A Name variable should be used for a field that contains American names, corporations and households. It uses the probablepeople package to split apart an name string into components like give name, surname, generational suffix, for people names, and abbreviation, company type, and legal form for corporations.

For example:-

{'field': 'name', 'type': 'Name'}

Install the dedupe-variable-name package for Name Type. For more info, see the GitHub Repository.

Fuzzy Category

A FuzzyCategorical variable should be used for when you for categorical data that has variations.

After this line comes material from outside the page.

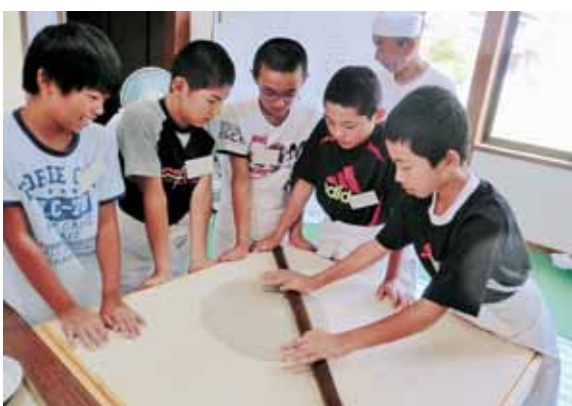
陸前高田市の児童を招待（そば打ち体験）

Occupations are an example, where the you may have ‘Attorney’, ‘Counsel’, and ‘Lawyer’. For this variable type, you need to supply a corpus of records that contain your focal record and other field types. This corpus should either be all the data you are trying to link or a representative sample.

For example:-

{
 'field': 'occupation',
 'type': 'FuzzyCategorical',
 'corpus' : [
        {'name' : 'Jim Doe', 'occupation' : 'Attorney'},
        {'name' : 'Jim Doe', 'occupation' : 'Lawyer'}
    ]
}

Install the dedupe-variable-fuzzycategory package for the FuzzyCategorical Type. For more info, see the GitHub Repository.

Missing Data

If the value of field is missing, that missing value should be represented as a None object. You should also use None to represent empty strings (eg '').

[
     {'Name': 'AA Taxi', 'Phone': '773.555.1124'},
     {'Name': 'AA Taxi', 'Phone': None},
     {'Name': None, 'Phone': '773-555-1123'}
]

If you want to model this missing data for a field, you can set 'has missing' : True in the variable definition. This creates a new, additional field representing whether the data was present or not and zeros out the missing data.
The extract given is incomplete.